YoungBlood by John McLaughlin
The morning after my nineteenth birthday, I finally worked up the courage to sell some blood.
I was lucky — type O-negative, a universal donor — so the YoungBlood clinic said I could have steady income. Rent being due in three days, I jumped at the chance for a couple hundred bucks. And if it turned into a regular thing, even better.
A friendly, middle-aged receptionist escorted me to the room where my first client waited. Mrs. Wheeler looked her age back then. Deep lines tracked her eyes and cheeks, a loose net of wrinkles weighing on her jowls. The YoungBlood staff sat us down facing each other, Wheeler and me, an awkward first greeting over the buzz and clicks of machinery. “You’re performing a noble service, young lady,” the technician told me, strapping my arms into the transfer station.

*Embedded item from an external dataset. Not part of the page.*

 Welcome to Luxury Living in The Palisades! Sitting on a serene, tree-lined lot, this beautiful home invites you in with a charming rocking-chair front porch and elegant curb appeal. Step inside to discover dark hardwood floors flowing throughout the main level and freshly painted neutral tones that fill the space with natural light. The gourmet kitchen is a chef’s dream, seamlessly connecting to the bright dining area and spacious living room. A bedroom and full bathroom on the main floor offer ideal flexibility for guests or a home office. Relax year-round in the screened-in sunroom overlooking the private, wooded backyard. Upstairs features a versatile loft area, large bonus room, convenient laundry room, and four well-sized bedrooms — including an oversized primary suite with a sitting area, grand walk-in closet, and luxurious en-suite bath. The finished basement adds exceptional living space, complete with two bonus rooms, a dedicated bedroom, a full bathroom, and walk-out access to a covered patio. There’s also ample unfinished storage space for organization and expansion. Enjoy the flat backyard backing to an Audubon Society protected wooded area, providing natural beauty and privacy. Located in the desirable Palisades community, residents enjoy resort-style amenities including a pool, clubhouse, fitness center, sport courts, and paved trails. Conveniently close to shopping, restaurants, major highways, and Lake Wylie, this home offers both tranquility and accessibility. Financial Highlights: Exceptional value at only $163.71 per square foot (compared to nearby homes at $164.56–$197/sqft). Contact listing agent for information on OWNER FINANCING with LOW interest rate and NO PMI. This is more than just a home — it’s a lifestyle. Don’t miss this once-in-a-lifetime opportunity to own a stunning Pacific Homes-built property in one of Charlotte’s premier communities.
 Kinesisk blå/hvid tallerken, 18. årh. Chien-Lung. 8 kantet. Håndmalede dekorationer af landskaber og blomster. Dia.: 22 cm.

The thing about YoungBlood is: the fresher, the better. Cooling it down kills that something special — the scientists called it Substance Y — the stuff in youthful blood that actually makes the recipient younger. At first glance the procedure seemed absurd. Discovered in rats, then perfected in chimps and human test subjects, who could have imagined that the Fountain of Youth lay in a simple blood transfusion? But the window of opportunity was short. The life-enhancing quality diminished as the donor aged, and beyond about thirty years old the blood seemed to lose it altogether.

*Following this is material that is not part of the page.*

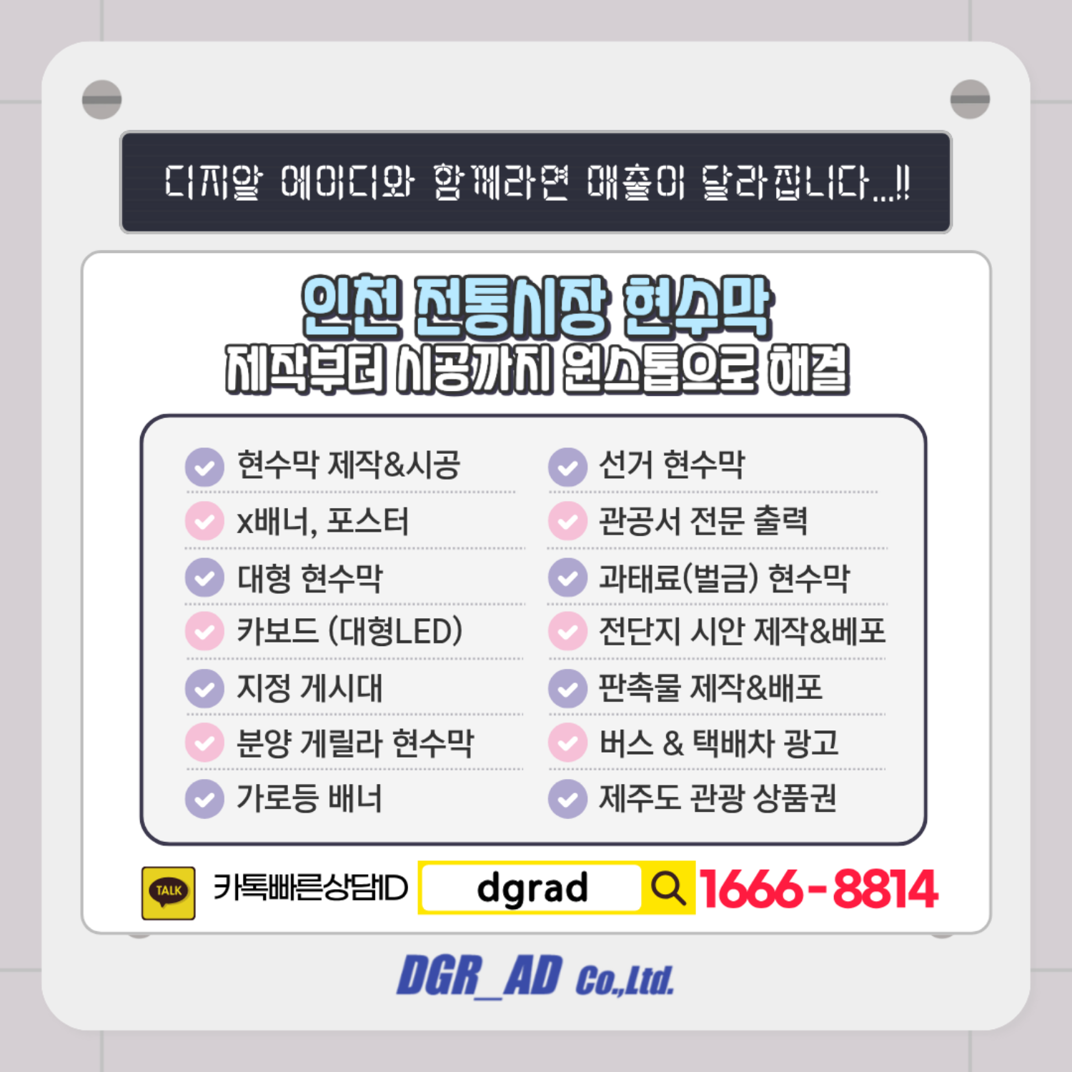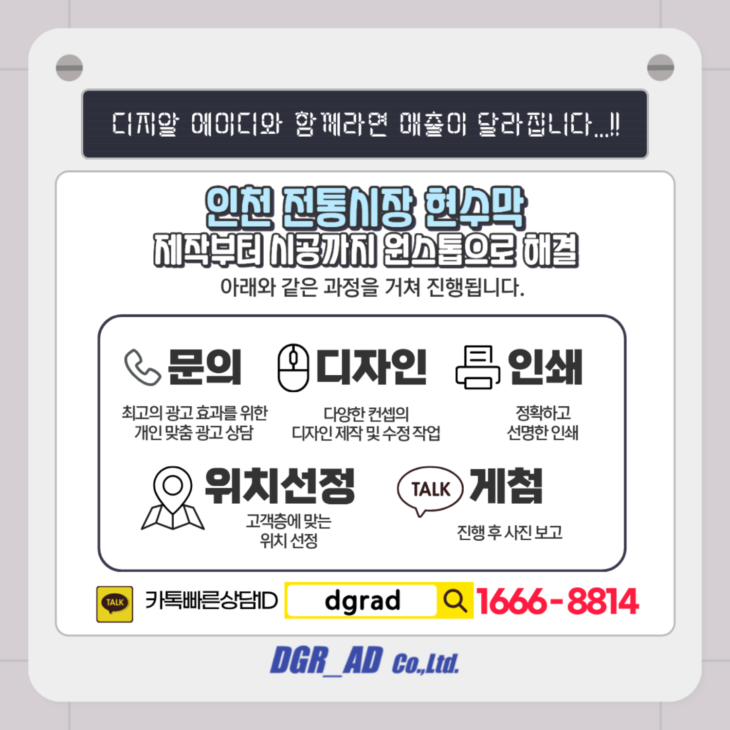 ‘인천 전통시장 현수막, 설치부터 시공까지’라는 문구는, 시장이라는 특수한 환경에 맞는 전문 ‘시공’ 기술이 필요함을 의미합니다. 시장 입구의 대형 현수막, 골목 벽면, 펜스 등 다양한 위치에 안전하고 튼튼하게 설치하는 것은 단순한 ‘제작’을 넘어선 영역입니다.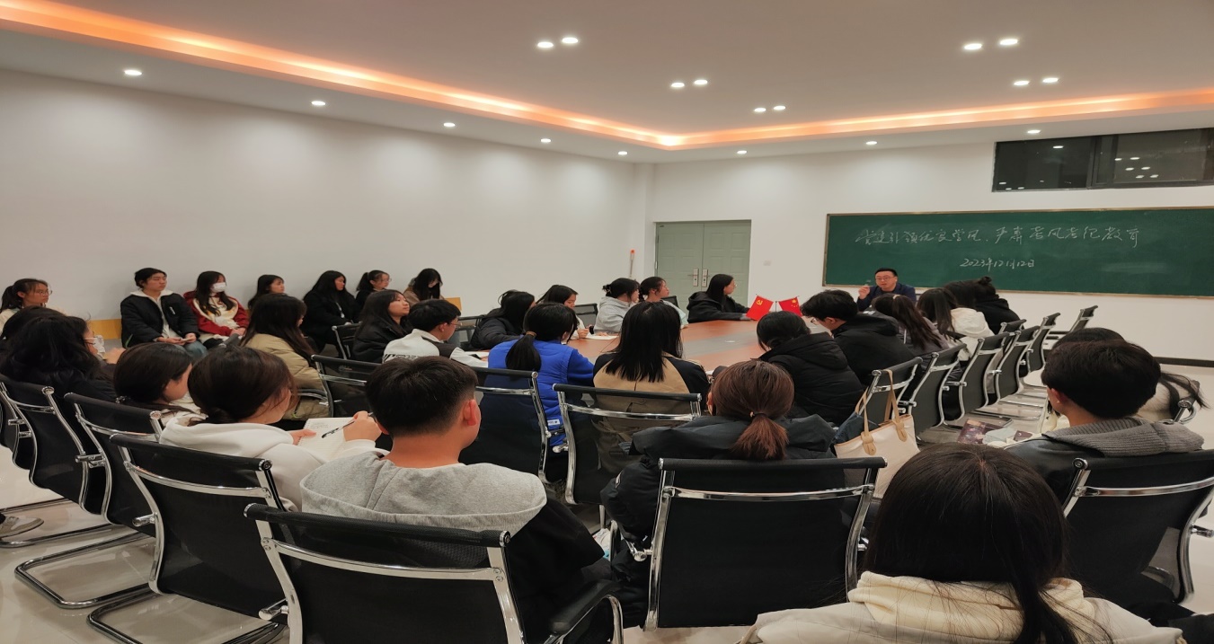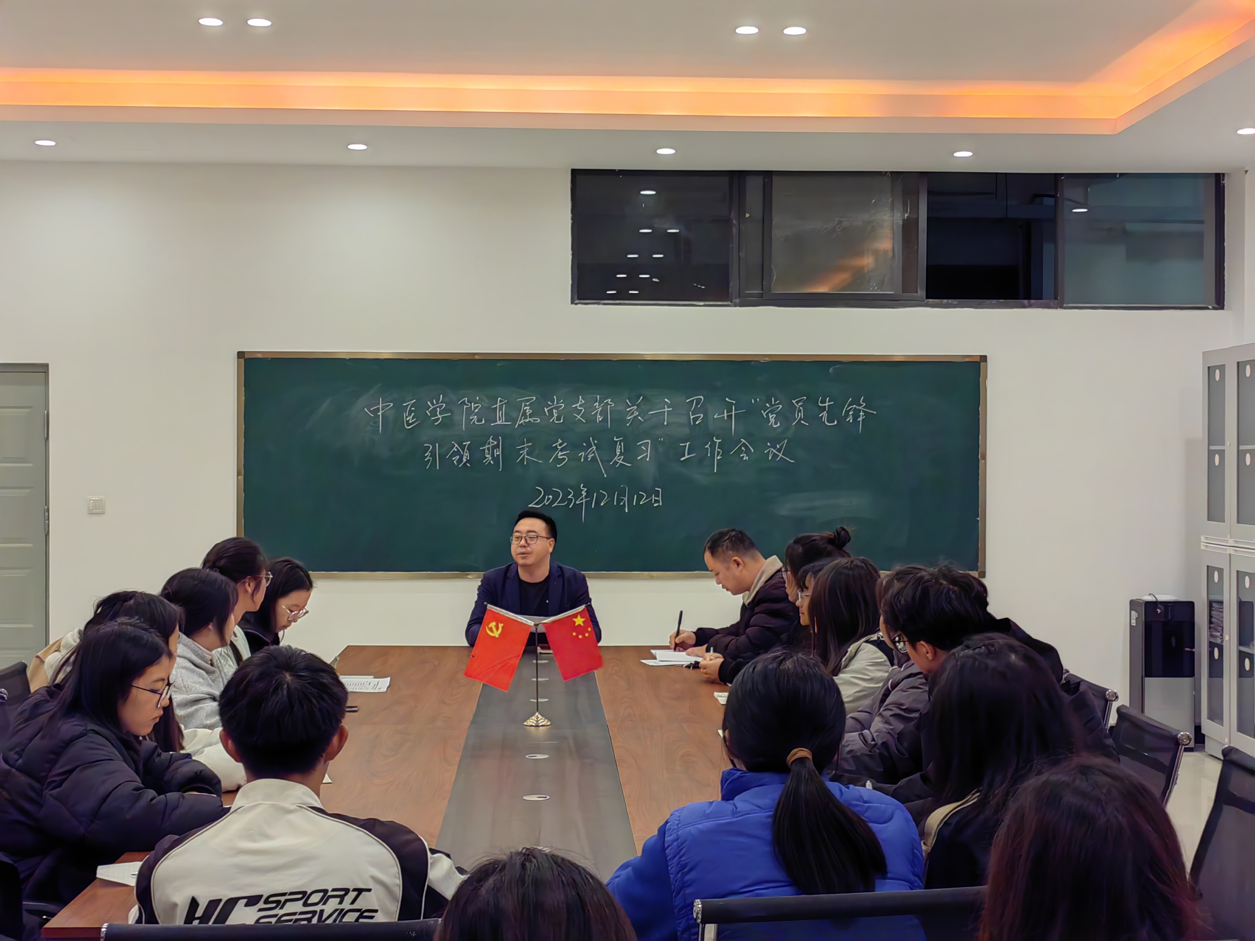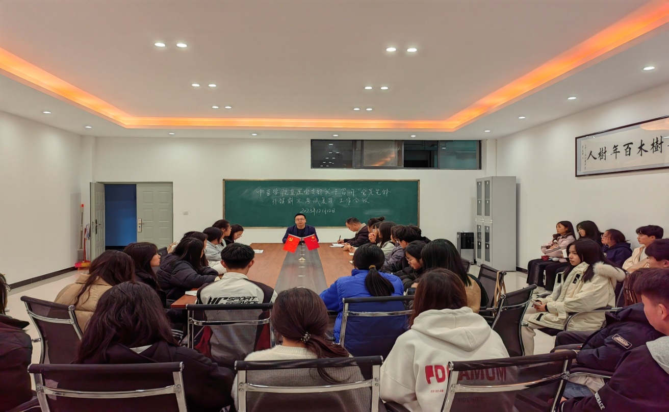 中医学院直属党支部于2023年12月12日(星期二)19:20在中医学院302室召开“党员先锋引领期末考试复习”的专题教育活动。活动由中医学院直属党支部书记易斯坐同志主持,副书记余建坤同志出席。

The technician switched on the flow. The transfer tube was like an elaborate bendy straw, slowly painted red as the blood left my arm, crossed the filter matrix and squeezed its way into Wheeler’s frail body. I felt nauseous that first time; chewed gum, tapped my foot, anything to distract myself from the bubble and gurgle of my bodily fluid. And then it was over and I was handed a lollipop and a package of cash. I thumbed through the envelope and thought about my other expenses, the school loans and car payments, utility bills and health insurance. So of course I came back.

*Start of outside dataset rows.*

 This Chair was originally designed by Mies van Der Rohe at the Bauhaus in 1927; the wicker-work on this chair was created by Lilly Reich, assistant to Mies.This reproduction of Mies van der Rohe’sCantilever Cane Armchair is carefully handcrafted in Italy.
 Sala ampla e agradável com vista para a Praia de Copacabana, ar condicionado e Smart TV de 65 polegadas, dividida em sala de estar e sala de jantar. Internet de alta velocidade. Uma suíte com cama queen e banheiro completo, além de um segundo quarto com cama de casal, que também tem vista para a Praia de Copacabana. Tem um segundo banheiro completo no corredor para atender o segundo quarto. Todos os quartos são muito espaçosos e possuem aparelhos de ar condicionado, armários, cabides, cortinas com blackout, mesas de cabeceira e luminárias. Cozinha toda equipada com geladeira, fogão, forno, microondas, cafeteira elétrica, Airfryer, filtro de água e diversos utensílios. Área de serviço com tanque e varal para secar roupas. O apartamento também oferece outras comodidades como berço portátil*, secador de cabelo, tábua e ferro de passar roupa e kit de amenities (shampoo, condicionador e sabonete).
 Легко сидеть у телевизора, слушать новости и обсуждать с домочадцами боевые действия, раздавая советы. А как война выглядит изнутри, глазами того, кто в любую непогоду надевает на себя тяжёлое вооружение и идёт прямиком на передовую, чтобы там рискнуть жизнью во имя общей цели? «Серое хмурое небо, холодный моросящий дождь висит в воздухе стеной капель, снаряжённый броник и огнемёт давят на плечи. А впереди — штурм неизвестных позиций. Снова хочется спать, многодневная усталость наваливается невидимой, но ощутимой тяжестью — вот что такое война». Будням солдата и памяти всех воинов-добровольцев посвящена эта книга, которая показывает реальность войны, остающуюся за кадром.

We became known as regulars around the clinic, old lady Wheeler and young Dasha. Our schedules conveniently aligned and for some reason the woman took a liking to me, even requested me exclusively. Perhaps I reminded Wheeler of her younger self, or maybe I was a form she aspired to, an idealized end state of the YoungBlood treatments. So I’d sit and watch my blood flow, my earbuds humming a podcast, the steady background noise of Wheeler watching a soap or chatting on her phone.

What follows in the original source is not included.